ハーバードの教育学部で提唱されている「子どもの考えるスキル」を磨くためのトレーニングをもとに、スタンフォード大で出された「考える力」を解く問題、また著者がそれらをもとにして作成した問題などをまとめたもの。言語化スキル、創造力など、これから必要な「考える力」が手に入るようになっており、大人から子どもまで楽しく読むことができます。

論理思考の基本を問う問題

月曜ならばA駅の売店に「本日ポイント2倍」という札が立つ、ということがわかっています。

問題 さて、正しいのは、次のうちどっち?

  1. A駅の売店に「本日ポイント2倍」の札が立っていないなら、今日は月曜ではない。
  2. A駅の売店に「本日ポイント2倍」の札が立っているなら、今日は月曜日だ。

✳︎注意 この問題には「正解」があります。

ヒント 言われている内容以外は考えないこと。

正解は1の『A駅の売店に「本日ポイント2倍」の札が立っていないなら、今日は月曜ではない。』

月曜には必ずポイント2倍札が立っているのですから、立っていなければ、とりあえず月曜日ではありません。目の前にある情報を、思い込みや勝手な連想なしに、言葉どうりに受け止めて考える。それが論理の世界。論理は「考える力」の土台となります。それがクリティカル・シンキングの基本となります。

想像力をフルに!

問題 月曜ならばA駅の売店に「本日ポイント2倍」の札が立ちます。ところが、その日は月曜なのに「本日ポイント2倍」の札が立っていませんでした。何が起きたのでしょうか。可能性として考えられるものをすべて挙げてください。

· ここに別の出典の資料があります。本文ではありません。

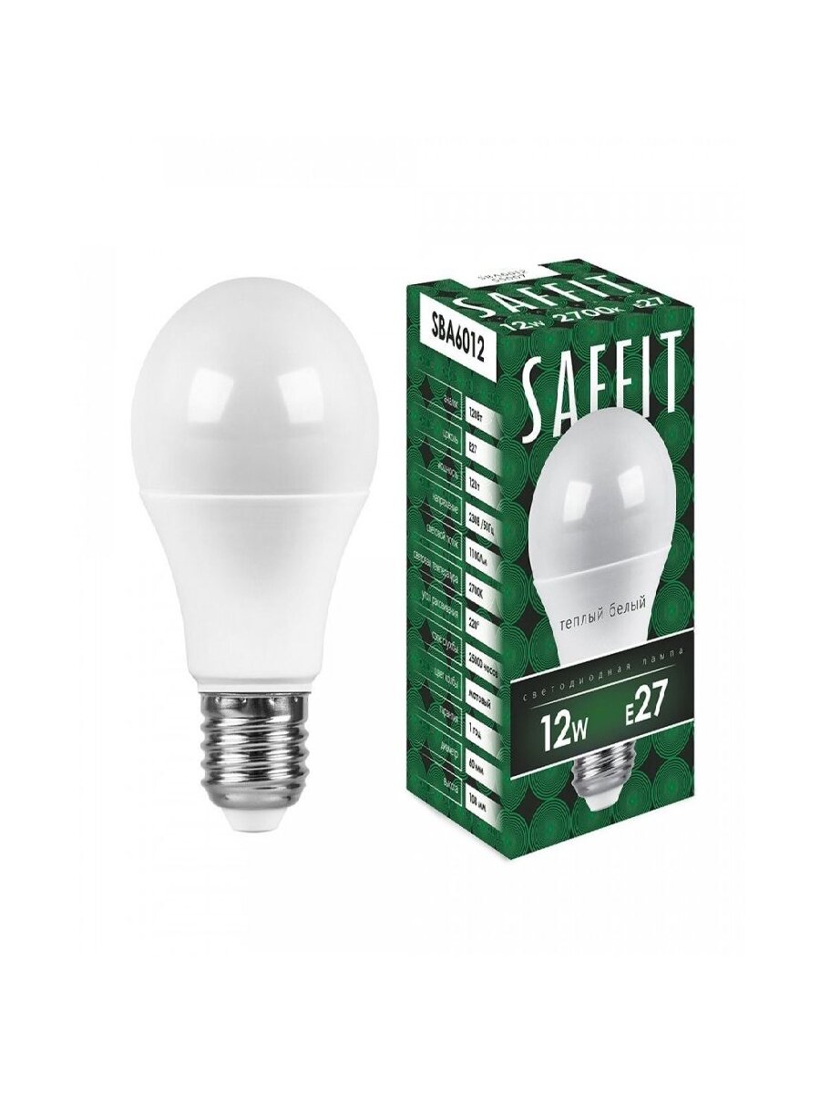 Отзывы на (15 шт.) Светодиодная лампочка Saffit ЛОН А60 E27 12W(1100Lm) 2700K 2K матовая 112x60 SBA6012 55007 Теплый белый. Цоколь E27

✳︎注意 想像力をフルに働かせて思いっきり楽しんで考えること。

解答例

その日はたまたまポイント2倍デーじゃなかった/売店に新しいバイトの人が入り、札を立てることをうっかり忘れた/札が誰かに踏み潰されて壊れてしまった/携帯が壊れていた/頭がもうろうとしていて実は月曜ではなかった/携帯画面にあった「月曜日」はよ見間違いだった/実はA駅ではなかった/夢だった、など。

先ほどの論理的思考とは違い、楽しめたのではなかろうか?想像力をフルに使えば様々な可能性を指し示すことができます。ここで大切な指標となるのが説得力。これがないと論理的とは言えません。聞いている誰もが「なるほど」と納得できるように説明する必要があります。根拠として他に何が考えられるか?この主張に反論することは可能か?反論できるとしたらどんな根拠が思いつくか?この主張に、何か隠れた前提はないか?根拠を考える際にはこのような点に留意する必要がある。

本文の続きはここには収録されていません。